Understood. That makes sense. And with regards to, I guess the formulation side of things, are there any hurdles in place for you to initiate the Phase 2b in terms of having enough compound or in the – at a certain level of purity that you do require for Phase 2b where you gain outside of the U.S. jurisdiction, like is there any hurdles there, or are those ready to go?
All the requisite information that would be required, both on the quality and CMC package and as well as on the clinical side was included in our IND submission. And we will certainly be updating that as we progress. But everything is included in our IND submission that was ultimately cleared by FDA. So, we feel very confident and have the materials – that we will have the materials available and that we are able to progress on that study in Q2.
Awesome. And then just the one question regarding the – I know there is the LSD/trip-stopper Ketanserin. Is that something that you expect that anticipated readout on in the near-term or…
Studies such as that, we are containing that progress of that study. Studies such as that and the investigator-initiated studies that we conducted with our colleagues at University Hospital Basel are subject to their disclosure time lines and largely come out via publication. While we have looked at the data, they are not driven by our corporate readouts as a trial that we sponsor would be. We are anticipating a readout from that study this year, although the precise timing of that is going to be subject to publication time lines and release criteria of the university.
Understood. I understand, maybe some key industry events or conferences, things like that. So, we will look out for those?
Absolutely.
Awesome. Thank you.
Thanks Sepehr.
Thank you. This concludes the question-and-answer portion of the call. I will now turn the call back over to MindMed’s CEO, Rob Barrow, for closing comments. Mr. Barrow?

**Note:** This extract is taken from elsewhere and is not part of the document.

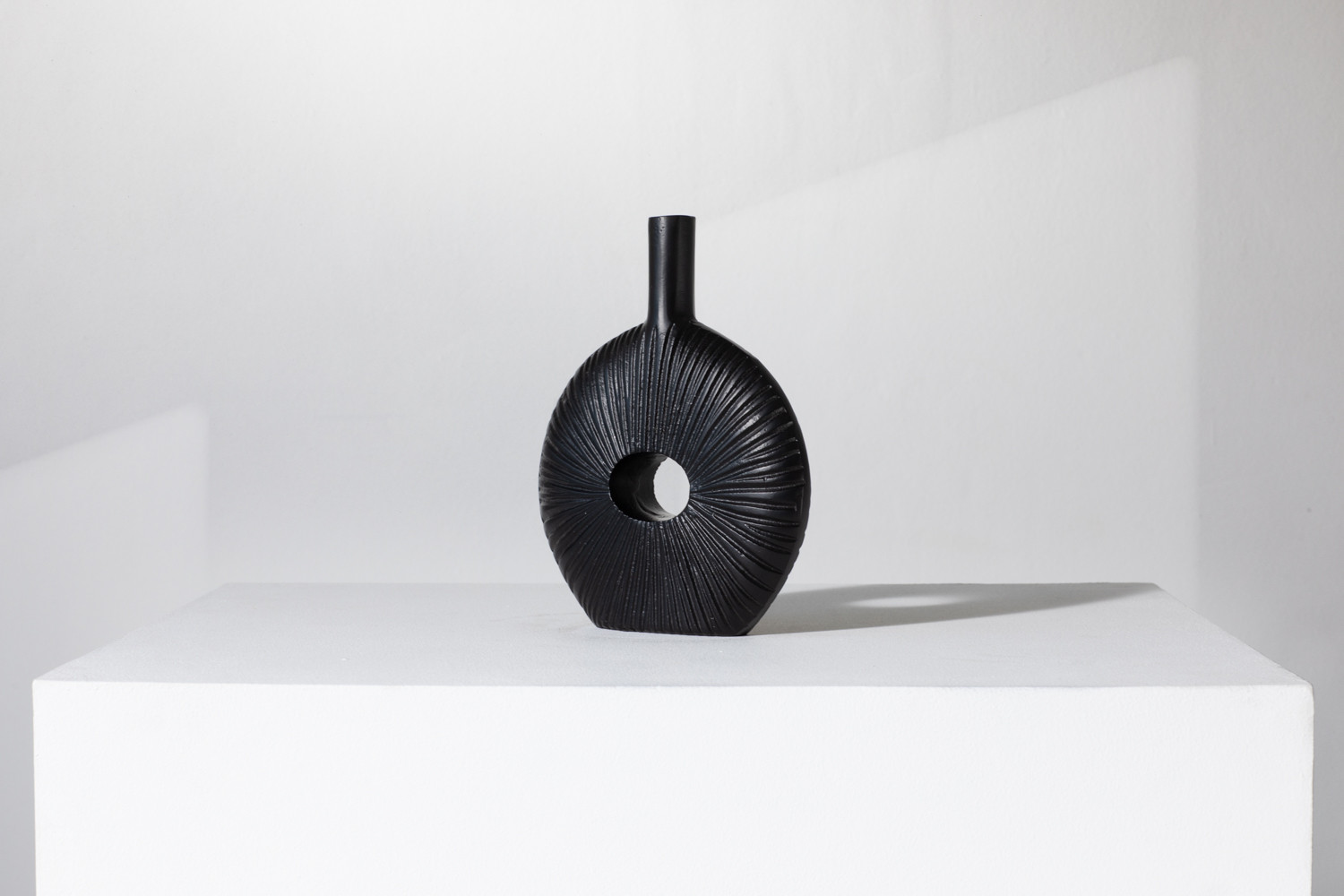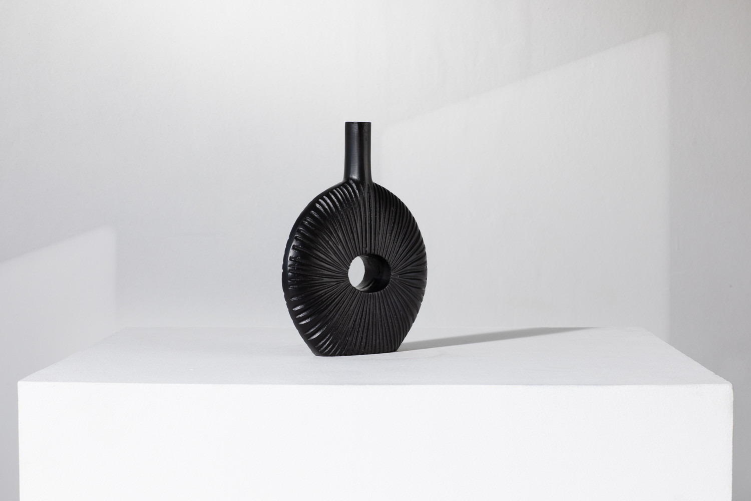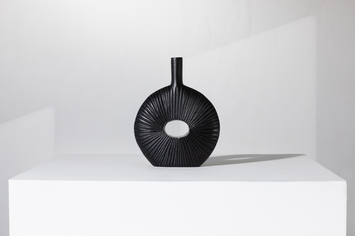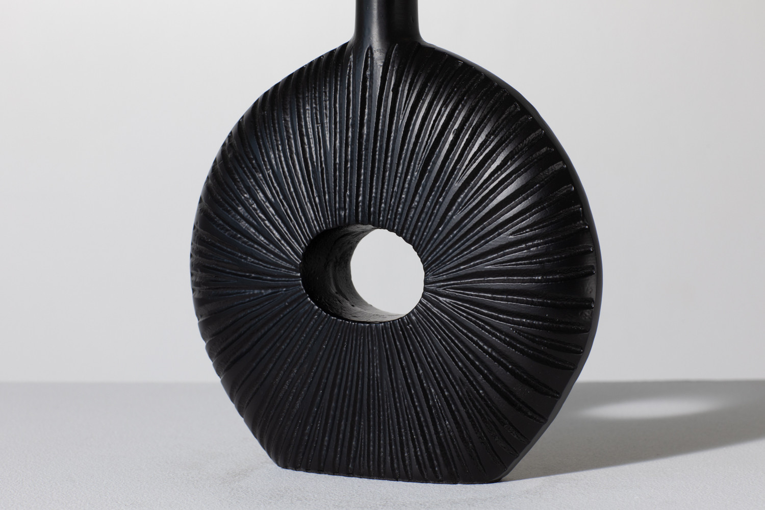 The Ovio is a uniquely crafted piece of contemporary metal decor. Its circular base features stunning textured channels that surround its hollowed-out centre.

Thank you. And thank you, everyone, again, for being here this morning. Before we conclude, I would also like to thank our entire team at MindMed, our investors, our analysts and many people who have made this all possible and has been supportive along the way, including, in particular, our study participants and their families, and to the – a critically important time in the treatment of brain health disorders, and we are very excited to be a part of it. I would like to thank you, again, and look forward to reconnecting the future.
Ladies and gentlemen, thank you for your participation. This concludes today’s event. You may disconnect your lines or logoff the webcast and enjoy the rest of your day.